Quote from: touchingcloth on September 24, 2019, 01:59:58 PM
Every time I suggest leaving a tip in a restaurant, my dad tells me that the word is an acronym for To Insure Promptness, and should therefore only ever be given before anyone has even started to serve you.

That's not even the right "Ensure"!!

studpuppet

Quote from: gib on September 24, 2019, 12:26:20 AM
Are any of the acronym explanations ever true for this kind of thing?

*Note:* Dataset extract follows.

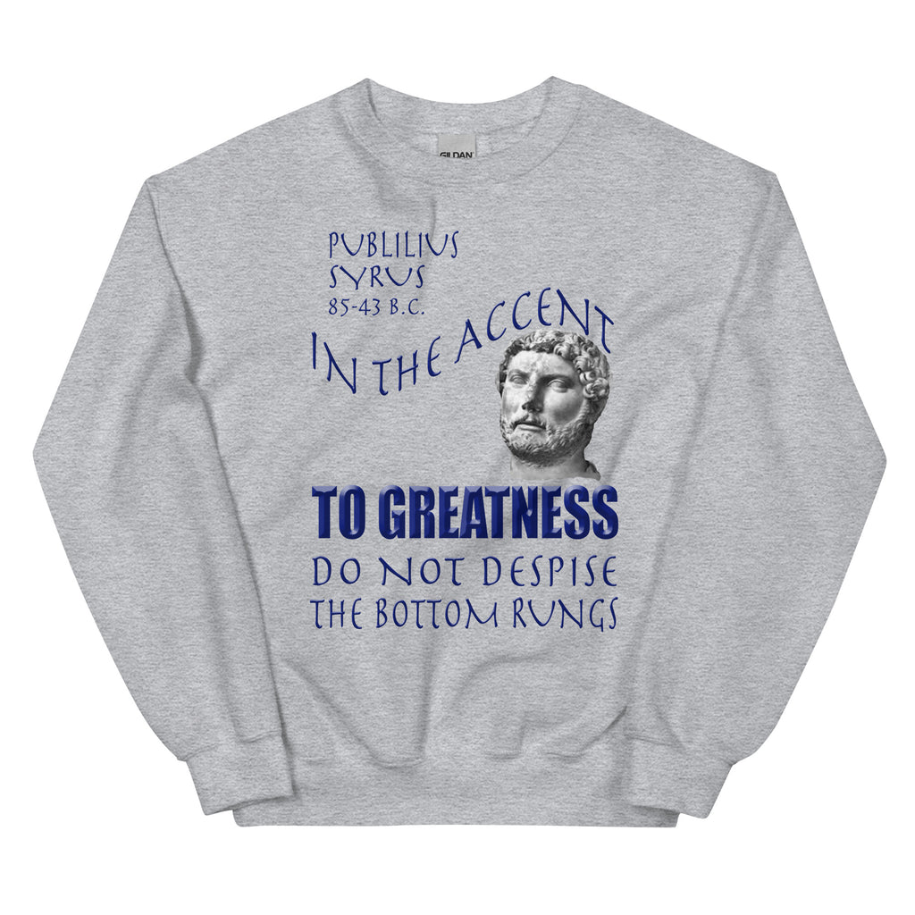 PUBLILIUS SYRUS -IN THE ACCENT TO GREATNESS DO NOT DESPISE THE BOTTOM RUNGS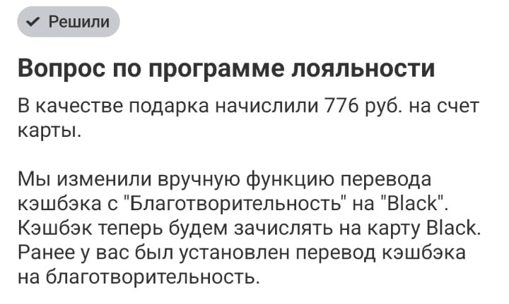 Для ЛЛ - Т-Банк начислил кэшбек, затем сам его перевел собакам на благотворительность, деньги затем вернул. Но осадок остался.

Harry Hill: Well, a nice letter there from Bunty Hoven, postmarked Northwest Kensington. You did National Service Dad - what does that stand for?

Tony Hill: Well Norwich was "(k)Nickers Off Ready When I Come Home", so Northwest Kensington must be...

Harry: Yes...

Tony: Well, "Nickers Off" obviously...

Harry: Obviously...

Tony:

(k)Nickers
Off
Rachel
Tidy
House
When
Everybody
Says
To

Kittens
Enlarged
(k)Nickers
Stickers
In
(k)Nickers
Great
Tits
On
(k)Nickers

Harry: Must have been an enormous source of comfort for you and the boys, Dad.

Tony: It was all we had.

touchingcloth

Quote from: Ambient Sheep on September 24, 2019, 02:04:36 PM
That's not even the right "Ensure"!!

I didn't want to be the first to point it out! There's enough wrong even before you consider the grammar error.

touchingcloth

Real ones are often techy type words: laser, taser, radar, sonar, scuba.

There's also SPAM, and Tribeca in New York.



JesusAndYourBush

The new Laser Razor from Gillette!

The new Gillette Laser Razor with three lasers.

The new Gillette Laser Razor now with seven precision laser-guided lasers to give you the closest shave ever!

NJ Uncut

Just realised that "Nonce" is an arbitrary number that can be used just once in a cryptographic communication!

Sebastian Cobb

Quote from: NJ Uncut on September 24, 2019, 05:20:31 PM
Just realised that "Nonce" is an arbitrary number that can be used just once in a cryptographic communication!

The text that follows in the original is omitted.